Ich beschließe also, mal ein paar Gedanken zum Innehalten aufzuschreiben. Leider komme aber gar nicht dazu. Das ist nämlich der alltägliche Wahnsinn des… Alltags. Zeitdruck, Zeitknappheit, Zeitarmut, Zeitmangel, Zeitdefizit. Ich bin total zugeplant

Wenn ich mich umschaue, stelle ich tröstlich fest, dass ich nicht der einzige bin. Prüfe einmal, wie viel Zeit du täglich aufwenden musst, um deine Aktivitäten einigermaßen elegant, wenn nicht gar „optimal“ zu organisieren. Jetzt weißt du, was ich meine.

Warum ist es immer die Zeit, die fehlt? Die Zeit ist da, wie sie ist, sagt die Physik, wenn auch eine relative Größe. Physikalisch gesehen ist Zeit ein Pararmeter zur Abfolge der Ereignisse. Da wird nichts weniger.

Stattdessen wird etwas anderes mehr: meine Vorhaben, die Aufgaben, meine Pflichten, vielleicht auch die Ideen. Wir leben in einer beschleunigten Welt, die ihre Beschleunigung aus der Logik des Kapitalismus zieht:
Um heute zu investieren, um Geld zu verdienen, muss ich mir mit einem Kredit quasi Geld aus der Zukunft leihen. Morgen muss ich dies mit Zins zurückzahlen, muss also morgen mehr arbeiten. Dafür braucht es mehr wieder Investion und Kredit. Ein Teufelskreis, der auch dazu führt, dass Arbeit immer effizienter werden muss – so sehr, dass am Ende jede Arbeitskraft bis auf den letzten Tropfen ausgequetscht wird. Und so fühlt man sich dann auch. Ausgequetscht.

Wir reden von einer beschleunigten Gesellschaft & Turbokapitalismus. Wie macht sich diese Beschleunigung für mich im Alltag bemerkbar? Eigentlich verwende ich doch nicht mehr Zeit für Arbeit als zum Beispiel die Generation meiner Eltern oder sogar Großeltern. Ich will mich nicht beklagen, wenn ich an Zeiten der aufstrebenden Industrialisierung denke, in der die Menschen 16 Stunden pro Tag an 6 Tagen pro Woche gearbeitet haben. Ebenso wenn ich überlege, wie es Leuten gehen muss, die einen eigenen Bauernhof bewirtschaften.

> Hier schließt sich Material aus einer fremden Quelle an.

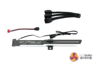 Inside, we get a bunch of leaflets and documentation, as well as a couple of stickers. More interesting is the GPU support bracket, which is RGB-equipped, and a power adaptor is also included for the PCIe Gen5 16-pin header that is used on the card.

Meine Zeitnot steht sicherlich mit Familienalltag, Beruf und Haushalt in Verbindung. Meine Zeitnot hängt aber auch mit der riesigen Menge an Freizeitangeboten und medialen Angeboten und Unterhaltungsangeboten und Ablenkungsangeboten zusammen. Sie sind zugleich Ergebnis und Ausdruck unseres Wohlstands, und mit Blick auf die damit zusammenhängenden Branchen auch deren Motor.

Wie der Soziologe Hartmut Rosa es formulieren würde, haben wir uns alle kulturelle Genüsse und Ereignisse verfügbar gemacht. In meinem Alltag erkenne ich es daran, dass ich mich permanent mit von mir ausgesuchter Musik berieseln lassen kann, überall die tollsten Kinofilme schauen kann, mit praktisch allen Menschen, die ich kenne, jederzeit quer über den Erdball mit Bild und Ton in Kontakt treten kann; ich muss nicht selbst einkaufen oder für mich kochen, das kann ich alles bestellen.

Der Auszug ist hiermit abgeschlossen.